La Expedición Transantártica Imperial de Shackleton partió de Plymonth, Inglaterra, el 8 de agosto de 1914, justo cuando estallaba la Primera Guerra Mundial; la idea era atravesar a pie el continente antártico. El barco de Shackleton, con nombre Endurance, era un velero de madera con tres mástiles, un bergantín, diseñado en aquella época especialmente para soportar el hielo. En su camino hacia el sur, la última escala de los expedicionarios fue la isla Georgia del Sur, un remoto y desolado puesto avanzado subantártico del Imperio británico habitado por una pequeña comunidad de balleneros noruegos. Después de abrirse paso durante más de seis semanas a través de unos 1.500 kilómetros de témpanos de hielo, el Endurance se encontraba a unos 150 kilómetros de su destino -un día de navegación-, cuando el 18 de enero de 1915 el hielo comenzó a rodearlo. Un drástico descenso en la temperatura hizo que se helara el agua del mar, cerrándose totalmente la banquisa.

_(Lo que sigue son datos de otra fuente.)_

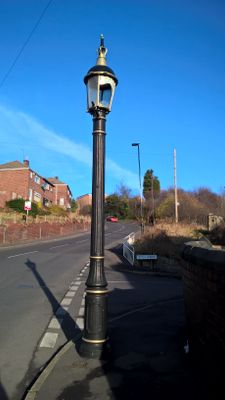 Sewer Gas Lamp at Junction with Tipton Lane, sewer gas destructor lamp in Sheffield, South Yorkshire, UK
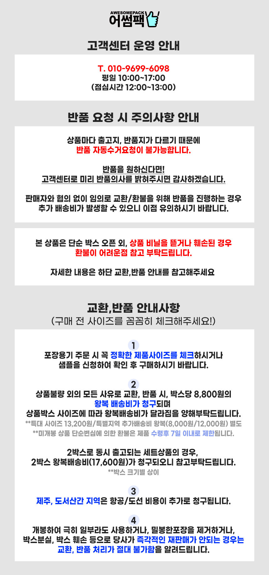 - 교환, 반품 시 왕복 배송비 8,800원이 부과됩니다. (세트상품(2박스)의 경우 17,600원)

El Endurance estaba atrapado.
En ese punto de la expedición Shackleton era el respondable de las vidas de 27 hombres, su capacidad de liderazgo fue fundamental para la supervivencia de todos ellos. Durante los diez meses siguientes, el Endurance navegó en zigzag más de 2000 kilómetros, arrastrado por la corriente noroeste de la banquisa. A medida que transcurrían los días, Shackleton y su tripulación sabían que el continente antártico quedaba cada vez más lejos. Algunos hombres eran marinos profesionales de la Royal Navy. Otros eran rudos pescadores que habían trabajado en arrastreros bajo el terrible frío del Atlántico Norte; otro grupo estaba formado por recién licenciados de la Universidad de Cambridge que se habían embarcado como científicos. Y Perce Blackborow, el miembro más joven de la tripulación, había viajado como polizón desde Buenos Aires. Todos se habían embarcado con diferentes esperanzas que ahora se habían evaporado de la forma más hostil.
El 26 de octubre, el fotógrafo de la expedición, Frank Hurley, escribió en su diario unas palabras tremendamente elocuentes:
A las seis de la tarde la presión se hace irresistible. El barco cruje y tiembla, las ventanas se hacen añicos mientras las tablas de la cubierta se abren y se retuercen. En mitad de estas fuerzas profundas y arrolladoras, somos la viva personificación de la impotente inutilidad.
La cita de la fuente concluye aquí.